Aussi me le tins-je pour dit pendant quelques années, celles de sagesse. Mon tort (et qui n’en a ?) fut de ne pas me plier à cette leçon des choses, et d’oublier l’oracle de mon Cuirassier. La Comédie-Française, sous un règne plus doux, accueillit quelques essais de ma veine, elle les joua même, car il faut bien en venir à cette extrémité, et trois fois j’ai regretté son ingratitude. Il vaut mieux pour un La Châtre rester à la porte de Ninon que d’être, après une nuitée, flanqué par la fenêtre.

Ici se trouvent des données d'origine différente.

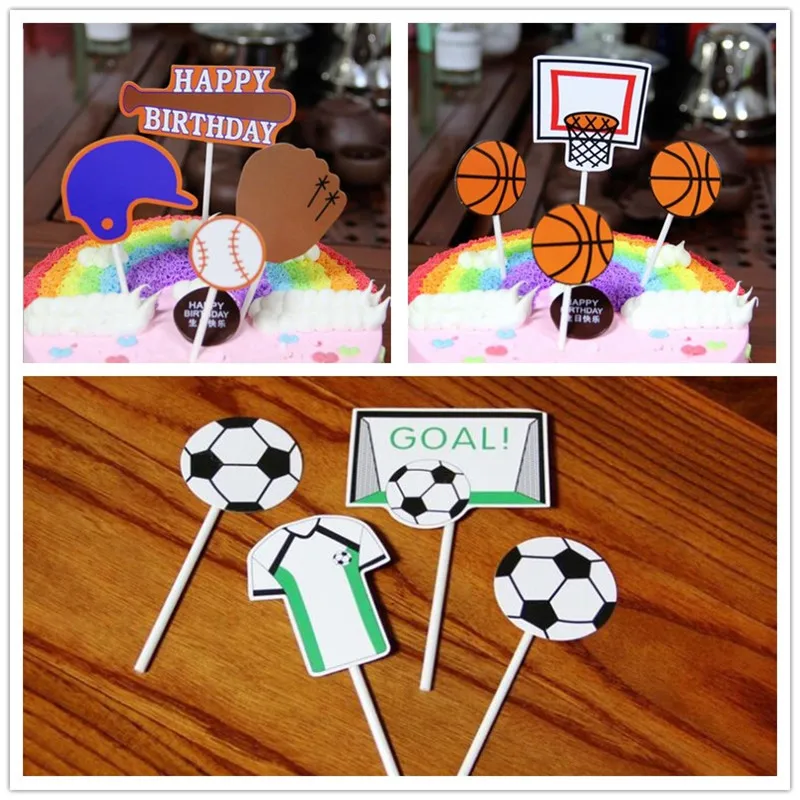 4 шт./компл. Футбол Бейсбол с изображением пирожного на день рожденья Топпер милые Баскетбол бумага торт Топпер для дня рождения Спортивная ...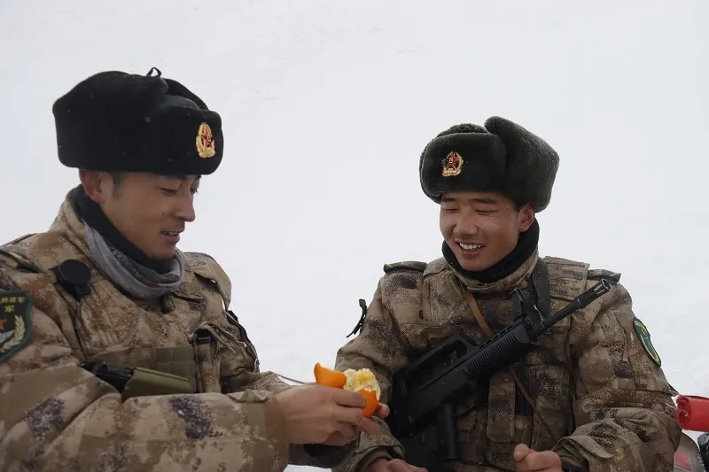 戰(zhàn)士分享“肖媽媽”寄來的橙子。松飛 攝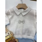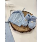 Completino Spezzato, maglia bianca manica lunga con orsetto con papillon, colletto a righe cielo e beige, bordino sia delle manica e vita cielo, pantalone cielo, cappello e babbucce. 100% cotone.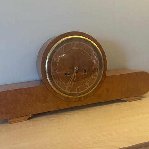 Klokken fungerer ikke, men gjør seg godt som pynt i hylla. Klokken er av nyere tid ettersom den bruker batteri, jeg har kjøpt den på et marked for noen år siden
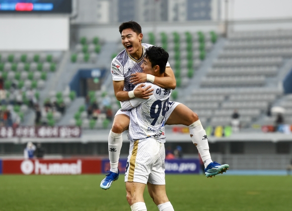 | ↑↑ 30일 4R 수원전에서 득점에 성공한 이중민이 정치인과 기쁨을 나누고 있다 |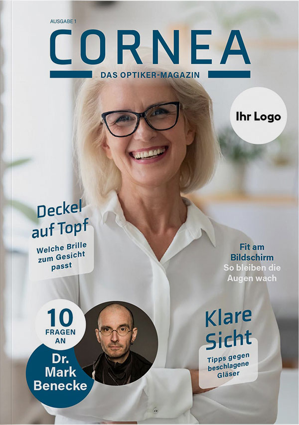 Warum sollten Ihre Kunden eine Gleitsichtbrille nicht gleich beim Schmökern in Ihrem hauseigenen Kundenmagazin testen? Eben! Im Inneren befinden sich Trend-Analysen, informative Beiträge zu Fördermöglichkeiten für Arbeitsbrillen, Interviews und natürlich Ihr eigener Content.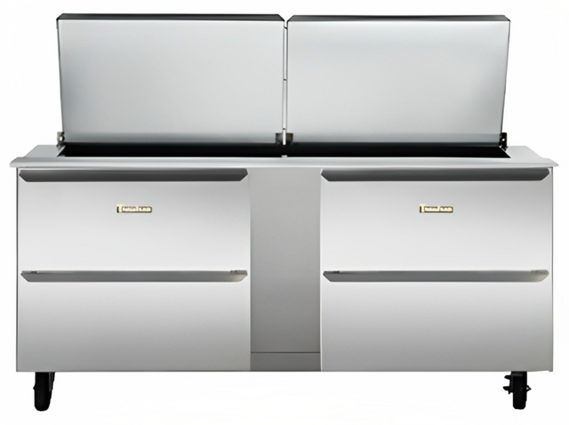The UST7230-DD-SB from Traulsen is one of most popular and efficient products. The exterior and back is constructed using stainless steel and the interior uses anodized aluminum. It has 2" thick, high density, non-CFC, foamed in place polyurethane insulation located throughout the cabinet and doors. A roll-top lid that can serve as an over shelf is included. The four drawers include both a self closing and stay open mechanism. Each model is supplied with a full complement of 4" deep, plastic, 1/6 size pans and dividers. This prep table exclusively comes with the ability to hold 6" deep top pans and keep them at a safe and nice temperature for your customers. A 12" deep, full-length, reversible white nylon cutting board is also included.
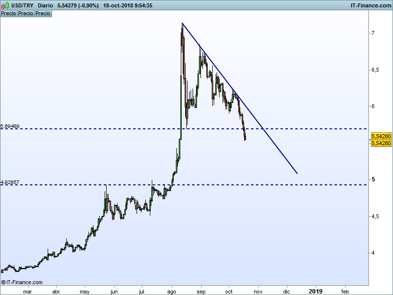 La lira turca continua una semana más recuperando posiciones respecto al US dólar. Se podría estar dibujando una pauta plana con lo que habría que ir vigilando la posible ruptura para el inicio de un nuevo tramo al alza.
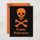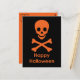 Um crânio laranja e ossos cruzados para um Halloween.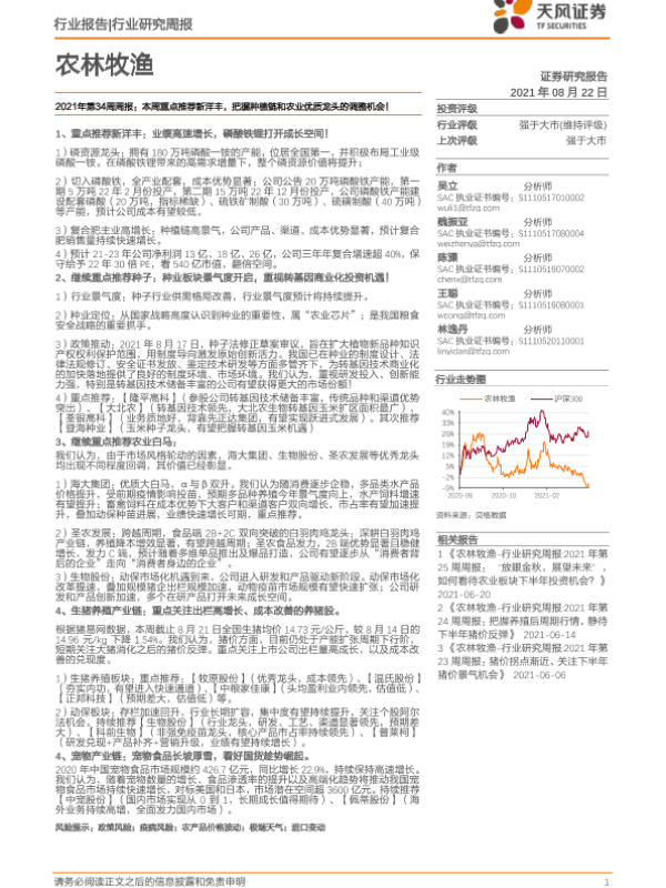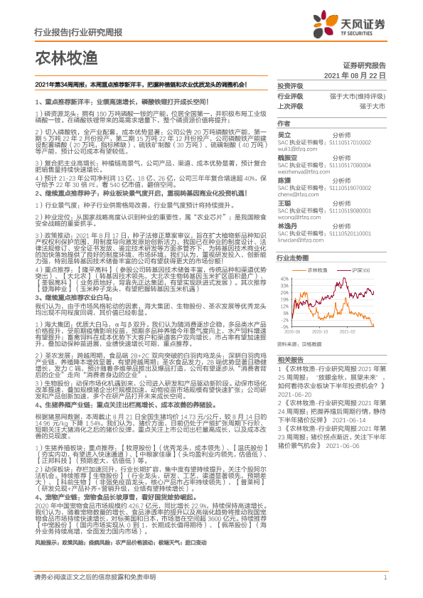 【天风证券】【20210822】农林牧渔2021年第34周周报:本周重点推荐新洋丰,把握种植链和农业优质龙头的调整机会!-14页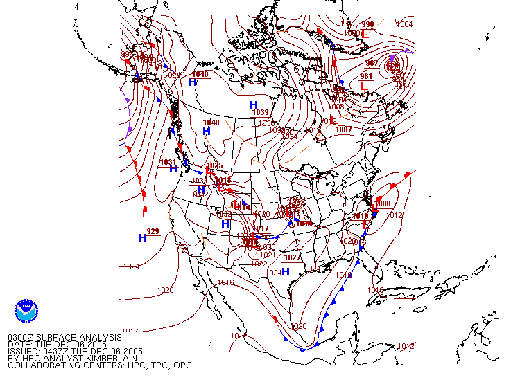 Surface Pressure Map from 0300Z 06 December 2005 (10PM EST 05 December 2005)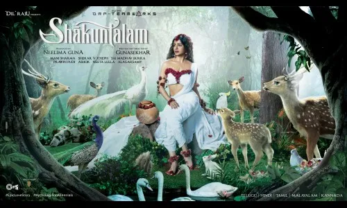 समांथाची महाकाव्य प्रेमगाथा ‘शांकुतलम’च्या प्रदर्शनाची तारीख अद्याप जाहीर करण्यात आलेली नाही. शांकुतलमच्या पोस्टरमध्ये समांथाने पांढऱया रंगाचा पोशाख परिधना केला असून यात ती एका राजकन्येच्या वेशभूषेत दिसून येतेय. याचबरोबर अभिनेत्रीच्या चहुबाजूला हरिण, ससा, बदक, मोर इत्यादी अनेक प्राणी दिसून येत आहेत. पूर्ण निसर्ग अभिनेत्रीचे सौंदर्य न्याहाळत असल्याचे पोस्टर पाहून वाटू लागते. शांकुतलममधील अभिनेत्रीचा हा लुक प्रत्येकाला मोहित करणार आहे.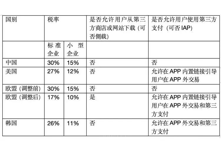 媒体统计,苹果税在不同国家或地区的标准

Les providentiels cinq louis de Villemessant tombaient donc à pic et à miracle, d’abord pour alimenter les bonnes et nobles bêtes qui me faisaient l’honneur de partager mon radeau de la Méduse, puis pour hospitaliser à l’écossaise mon camarade mentonnais, l’homme aux papillons, enfin pour désintéresser un peu une admirable femme de ménage qui venait tous les jours nous enseigner l’art de l’omelette, et nous en apportait le beurre et les œufs. Si la bonté disparaissait de ce monde, où, d’ailleurs, elle est rare, on la retrouverait dans l’âme d’une femme du peuple de Paris. Mme Labit était la femme d’un charron des omnibus du dépôt des Ternes. Elle s’était maternellement attachée à notre groupe de bohèmes et, sans comprendre au juste à quel métier obscur nous nous adonnions, puisqu’il ne nous rapportait pas le pain du jour, elle aimait notre gaieté, et parait de son mieux au désordre du capharnaüm.